▶ **TO DO**
Give back exactly the lines from the beginning of the listing below to the line holding "5月19日,sunbet在敬", both ends included; the pictures stay out.

▶ **RAW DATA**

:::::

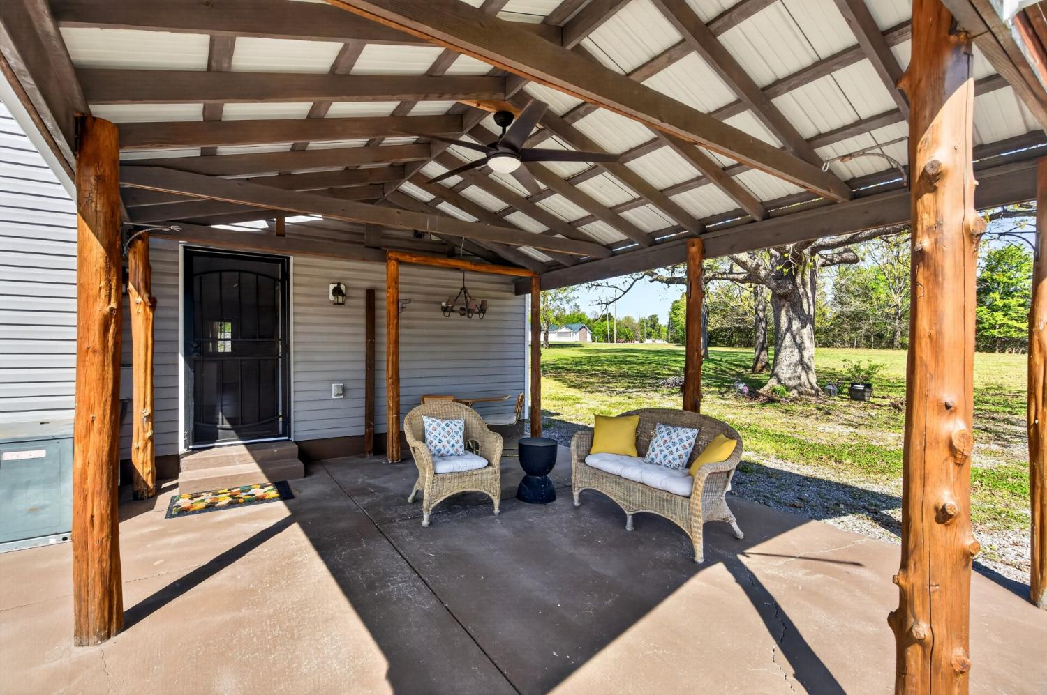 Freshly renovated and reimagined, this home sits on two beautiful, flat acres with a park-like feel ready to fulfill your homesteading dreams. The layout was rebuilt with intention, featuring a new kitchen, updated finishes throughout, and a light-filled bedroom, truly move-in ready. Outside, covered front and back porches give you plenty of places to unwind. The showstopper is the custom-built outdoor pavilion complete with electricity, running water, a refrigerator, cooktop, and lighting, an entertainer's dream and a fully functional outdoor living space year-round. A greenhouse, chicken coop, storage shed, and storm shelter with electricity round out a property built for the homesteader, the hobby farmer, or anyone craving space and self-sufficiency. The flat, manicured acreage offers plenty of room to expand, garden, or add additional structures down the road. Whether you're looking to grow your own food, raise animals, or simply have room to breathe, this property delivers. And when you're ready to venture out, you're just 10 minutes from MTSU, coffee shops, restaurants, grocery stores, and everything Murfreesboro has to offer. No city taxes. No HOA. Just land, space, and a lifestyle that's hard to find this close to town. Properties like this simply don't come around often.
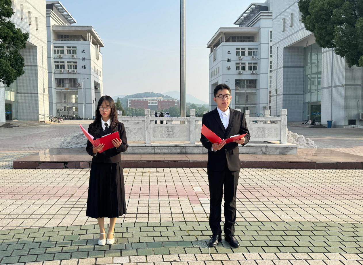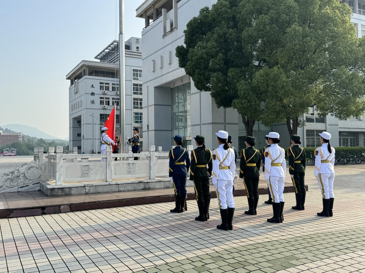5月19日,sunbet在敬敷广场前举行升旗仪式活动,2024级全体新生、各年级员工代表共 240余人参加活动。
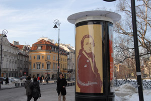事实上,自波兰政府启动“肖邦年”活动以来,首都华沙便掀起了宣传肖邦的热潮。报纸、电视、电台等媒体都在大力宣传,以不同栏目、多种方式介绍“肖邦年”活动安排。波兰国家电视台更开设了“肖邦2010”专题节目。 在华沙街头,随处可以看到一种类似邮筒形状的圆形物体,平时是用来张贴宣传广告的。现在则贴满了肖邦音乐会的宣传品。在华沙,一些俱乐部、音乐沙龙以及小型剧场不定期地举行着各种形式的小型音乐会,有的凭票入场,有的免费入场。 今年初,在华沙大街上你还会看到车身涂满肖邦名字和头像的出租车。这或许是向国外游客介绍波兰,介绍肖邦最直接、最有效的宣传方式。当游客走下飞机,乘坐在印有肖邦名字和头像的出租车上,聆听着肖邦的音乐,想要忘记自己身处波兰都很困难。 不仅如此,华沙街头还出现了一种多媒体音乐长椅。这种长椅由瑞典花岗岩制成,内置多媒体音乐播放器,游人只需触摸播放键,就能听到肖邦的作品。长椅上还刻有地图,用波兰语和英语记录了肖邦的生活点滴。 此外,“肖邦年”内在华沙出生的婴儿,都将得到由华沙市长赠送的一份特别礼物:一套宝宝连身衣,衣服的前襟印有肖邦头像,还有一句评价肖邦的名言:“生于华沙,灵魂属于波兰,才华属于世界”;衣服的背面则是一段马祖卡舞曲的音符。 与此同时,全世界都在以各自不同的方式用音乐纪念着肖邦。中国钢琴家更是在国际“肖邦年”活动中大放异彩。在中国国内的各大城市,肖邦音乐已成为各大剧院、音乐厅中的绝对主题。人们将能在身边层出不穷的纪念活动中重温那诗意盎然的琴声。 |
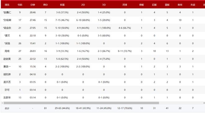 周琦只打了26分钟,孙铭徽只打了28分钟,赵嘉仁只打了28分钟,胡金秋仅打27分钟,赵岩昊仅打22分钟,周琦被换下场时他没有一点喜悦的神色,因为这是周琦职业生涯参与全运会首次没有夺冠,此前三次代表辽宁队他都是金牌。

:::::

▶ **ANSWER FOR THIS EXERCISE**
 Freshly renovated and reimagined, this home sits on two beautiful, flat acres with a park-like feel ready to fulfill your homesteading dreams. The layout was rebuilt with intention, featuring a new kitchen, updated finishes throughout, and a light-filled bedroom, truly move-in ready. Outside, covered front and back porches give you plenty of places to unwind. The showstopper is the custom-built outdoor pavilion complete with electricity, running water, a refrigerator, cooktop, and lighting, an entertainer's dream and a fully functional outdoor living space year-round. A greenhouse, chicken coop, storage shed, and storm shelter with electricity round out a property built for the homesteader, the hobby farmer, or anyone craving space and self-sufficiency. The flat, manicured acreage offers plenty of room to expand, garden, or add additional structures down the road. Whether you're looking to grow your own food, raise animals, or simply have room to breathe, this property delivers. And when you're ready to venture out, you're just 10 minutes from MTSU, coffee shops, restaurants, grocery stores, and everything Murfreesboro has to offer. No city taxes. No HOA. Just land, space, and a lifestyle that's hard to find this close to town. Properties like this simply don't come around often.
5月19日,sunbet在敬敷广场前举行升旗仪式活动,2024级全体新生、各年级员工代表共 240余人参加活动。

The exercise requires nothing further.